Bone Mineral Density T-Score is an Independent Predictor of Major Blood Loss in Adult Spinal Deformity Surgery

Andrew B Harris 1, Kevin Y Wang 1, Kevin Mo 1, Floreana Kebaish 1, Michael Raad 1, Varun Puvanesarajah 1, Farah Musharbash 1, Brian Neuman 1, Akhil Jay Khanna 1, Khaled M Kebaish 1,
PMCID: PMC10676180  PMID: 35608515

Abstract

Study Design

Retrospective Cohort Study.

Objective

The purpose of this study was to determine the effect of low bone mineral density (BMD), as assessed by preoperative Dual-energy X-ray Absorptiometry (DEXA) scans, on intraoperative blood loss following adult spinal deformity (ASD) surgery.

Methods

Patients who received spinal fusion for ASD (>5 levels fused) at a single academic center from 2010-2018 were included in this study. The lowest preoperative T-score was recorded for patients who had preoperative DEXA scans within a year of surgery. Patients with liver/kidney disease or on prescription anticoagulant medication were excluded. Major blood loss was a binary variable defined as above or below the 90th percentile of our cohort. Binomial regression was performed controlling for age, number of vertebrae fused, 3-column osteotomy, primary vs. revision surgery, preoperative platelet count, and if the patient was taking medication for osteoporosis.

Results

91 patients were identified in the cohort. Mean age was 63 ± 11.6 years, 81% female. 56 (62%) of cases included revision of previous instrumentation. Patients had a mean SVA of 9.6 ± 8.6 cm and median of 9 vertebrae fused (range 5-22). The average T-score was -1.2 ± 1.0. Each point lower T-score was associated with significantly higher odds of major blood loss (OR 2.5, 95% CI 1.0 – 5.9) when controlling for age, number of vertebrae fused, 3-column osteotomy, preoperative platelet count and primary vs. revision surgery.

Conclusions

Preoperative T-score is independently associated with increased odds of major blood loss in ASD surgery.

Keywords: adult spinal deformity, bone mineral density, blood loss, dual-energy x-ray absorptiometr scan, osteoporosis

Introduction

Surgical treatment of patients with adult spinal deformity (ASD) has been shown to lead to improvements in pain and functional outcomes for appropriately selected patients.1-3 With the ultimate goal of restoring spinal alignment, these procedures commonly involve a combination of multi-level vertebral instrumentation, placement of interbody grafts, pelvic fixation, and osteotomies. 4 Given the inherent invasiveness of ASD surgery, especially for complex deformity and revision surgery, intraoperative blood loss is an unfortunately common perioperative complication.4-7 The relationship between intraoperative blood loss and adverse postoperative outcomes is well known, and patients with increased blood loss following ASD surgery have been shown to be at higher risk of both spinal complications as well as non-spinal adverse events such as postoperative delirium.8,9 As such, it is crucial to determine modifiable risk factors for perioperative blood loss following ASD surgery and ultimately rectify these predisposing factors in patients needing surgery.
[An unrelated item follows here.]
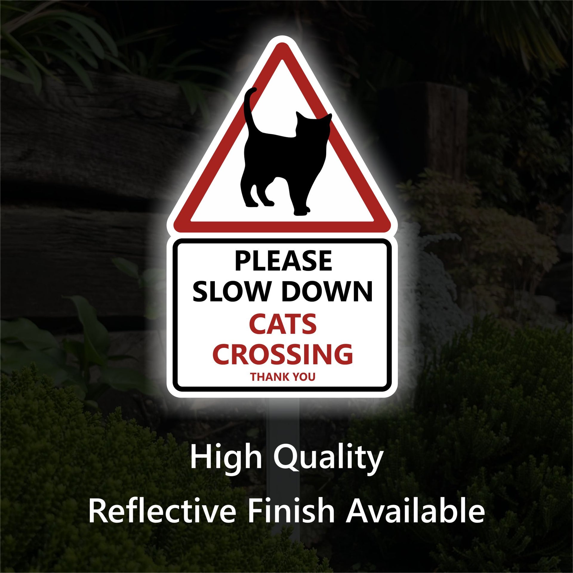 Our low level Please Slow Down Cats Crossing signs are available with a standard non-reflective white finish or a high quality white reflective background finish which is ideal for use on busy roads or in darker countryside or residential areas where the signs will be more visible when light such as vehicle headlights or torches are shone onto the sign. Intended for low level use these signs are supplied with non-rusting powder coated aluminium stake/s that are supplied ready to be fitted to the rear of the sign panel making them quick and easy to install.

One risk factor for adverse events following spine surgery is bone mineral density (BMD), which is a measurement of the amount of bone mineral within bone tissue. 10 At present, dual-energy X-ray absorptiometry (DEXA) scans are the gold-standard imaging tool used for measuring BMD. 11 Regardless of operative treatment, low BMD has been shown to worsen the natural course of spinal deformity. 12 In ASD patients who undergo spinal arthrodesis, low BMD has also been associated with severe postoperative complications such as proximal junction failure.13-16 Although an association between low preoperative BMD and suboptimal outcomes following spinal surgery is evident, additional research is needed to determine the effects of low BMD and specific outcomes such as intraoperative blood loss in patients undergoing ASD surgery.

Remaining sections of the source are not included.